A two-strain reaction-diffusion malaria model with seasonality and vector-bias

The paper proves three threshold results for a periodic two-strain reaction–diffusion malaria model with vector-bias: (A) global extinction if R1<1 and R2<1 (Theorem 4.1), (B) competitive exclusion if exactly one strain has Ri>1 (Theorem 4.2), and (C) uniform persistence plus existence of a strictly positive ω-periodic solution when R1>1, R2>1 and the invasion numbers R̂1>1, R̂2>1 (Theorem 4.3).
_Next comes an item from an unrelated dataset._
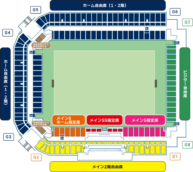 ・メインスタンド指定席、自由席はホーム・アウェイ両チームそれぞれのユニフォームやグッズ等を身に着けての応援・観戦が可能です。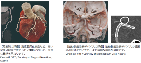 「NAEOTOM Alpha.Peak」および「NAEOTOM Alpha.Pro」が持つ高い時間分解能は、血管系の描出、動脈瘤の詳細な解析、動脈解離の評価などにおいて高い評価をいただくだけでなく、特に高度石灰化冠動脈を有する心疾患患者さんの診断・治療において、侵襲的なカテーテル検査に代わるものとして、患者さんの身体的負荷軽減や、診断から治療までに要する時間の軽減への貢献が期待されている。

These are established via a time-varying phase region X(t), an ω-periodic semiflow Q(t), the Poincaré map Q=Q(ω), and an acyclicity argument on boundary invariant sets, together with spectral characterizations of Ri and R̂i via the Poincaré maps of associated linear periodic-parabolic systems (Lemmas 3.1 and 3.2) . The candidate solution reaches the same conclusions using a slightly different blueprint: compactness and strong monotonicity (with respect to a competitive cone) of the Poincaré map, standard periodic next-generation operator theory, and persistence results under an assumed acyclic boundary. Its steps align with the paper’s outcomes and standard literature. However, it omits two technical points proved in the paper: (i) handling the time-dependent state region X(t) (the paper’s Q(t) is an ω-periodic semiflow on X(t) with a global attractor) and (ii) verifying acyclicity on the boundary (the paper gives a nontrivial construction to exclude cycles) . The paper’s arguments appear complete and correct for the stated results, while the model solution’s proof sketch is broadly correct but leaves these justifications implicit.